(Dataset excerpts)
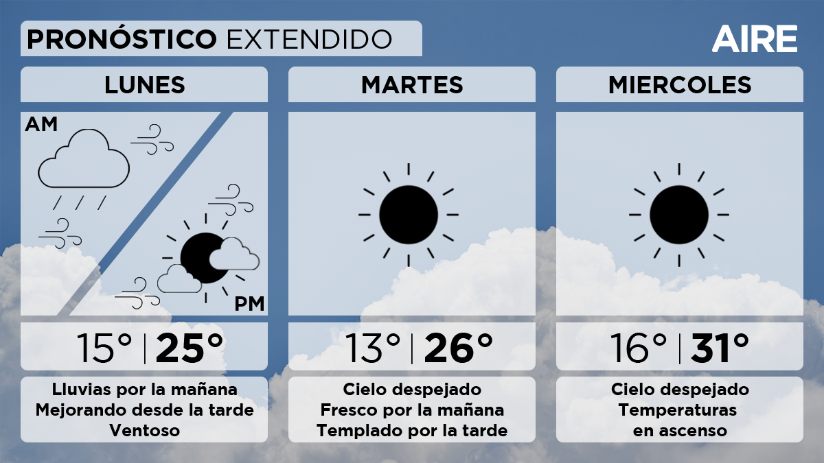 El miércoles continuaremos con cielo despejado o con poca nubosidad. Temperaturas que comenzarán a ascender con mínima de 16°, máxima de 31° y viento leve de direcciones variables, pero predominando del norte.
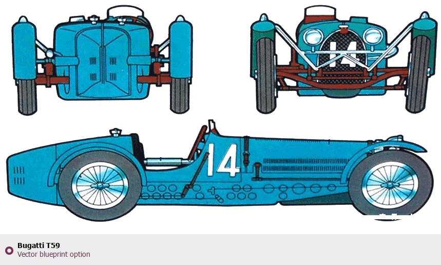 Raster blueprint of the Bugatti T59 Coupe. This free downloadable image can be used for graphic projects, digital design, and 3D modeling. The file provides accurate exterior proportions of the vehicle. Body type: Coupe.
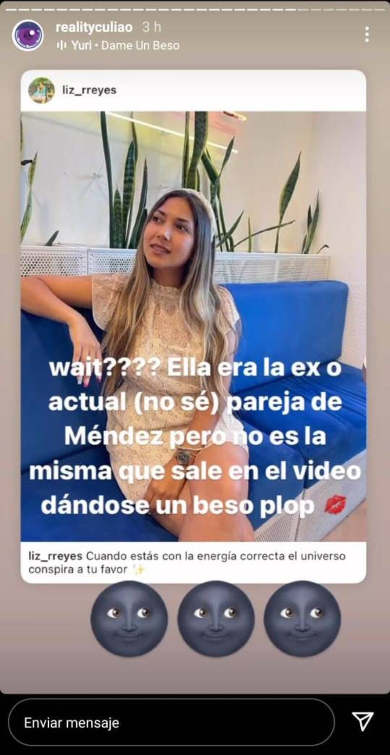 “Ella era la ex o actual (no sé) pareja de Méndez, pero no es la misma que sale en el video dándose un beso, plop”, detalló, compartiendo el registro donde se ve al músico besando a una joven.
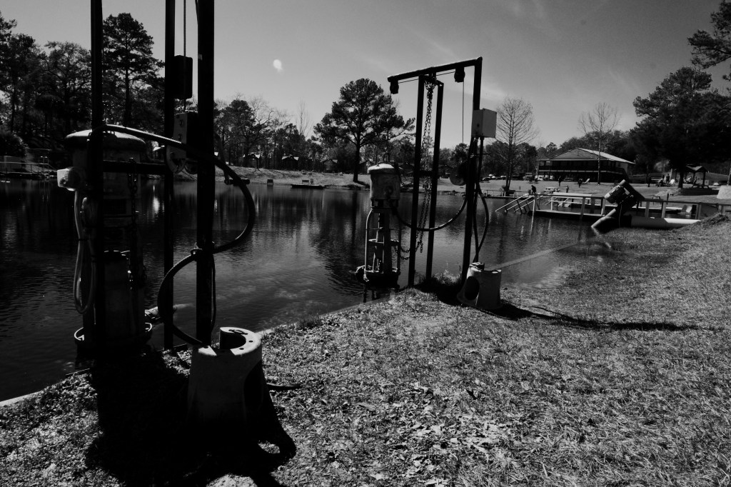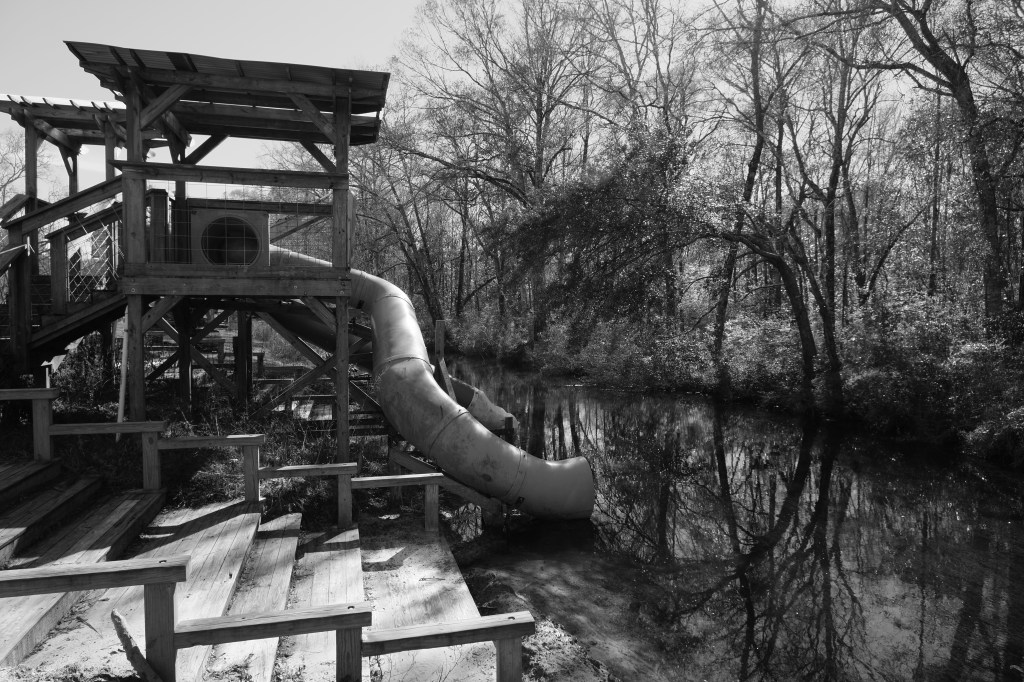 As I moved downstream, the park seemed to shift from dive training to water park. Bridges, a jumping platform, massive inflatable alligators, a mock ship’s crow’s nest, and water slides hinted at the crowds of swimmers that undoubtedly visit in the summer.
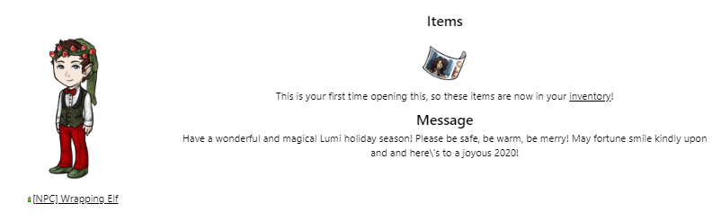 I got an anon gift box just now that included Luminaire Present Beanbag, Peppermint Brownies, and Vanilla Cocoa. I'm unsure why my gifter sent me these items, but thank you regardless. I didn't have the beanbag and I'm sure my pet Jackline will enjoy the sweets.

Your assignment: For this exercise, transcribe the entries verbatim and skip all pictures.

Response to this exercise:
 El miércoles continuaremos con cielo despejado o con poca nubosidad. Temperaturas que comenzarán a ascender con mínima de 16°, máxima de 31° y viento leve de direcciones variables, pero predominando del norte.
 Raster blueprint of the Bugatti T59 Coupe. This free downloadable image can be used for graphic projects, digital design, and 3D modeling. The file provides accurate exterior proportions of the vehicle. Body type: Coupe.
 “Ella era la ex o actual (no sé) pareja de Méndez, pero no es la misma que sale en el video dándose un beso, plop”, detalló, compartiendo el registro donde se ve al músico besando a una joven.
 As I moved downstream, the park seemed to shift from dive training to water park. Bridges, a jumping platform, massive inflatable alligators, a mock ship’s crow’s nest, and water slides hinted at the crowds of swimmers that undoubtedly visit in the summer.
 I got an anon gift box just now that included Luminaire Present Beanbag, Peppermint Brownies, and Vanilla Cocoa. I'm unsure why my gifter sent me these items, but thank you regardless. I didn't have the beanbag and I'm sure my pet Jackline will enjoy the sweets.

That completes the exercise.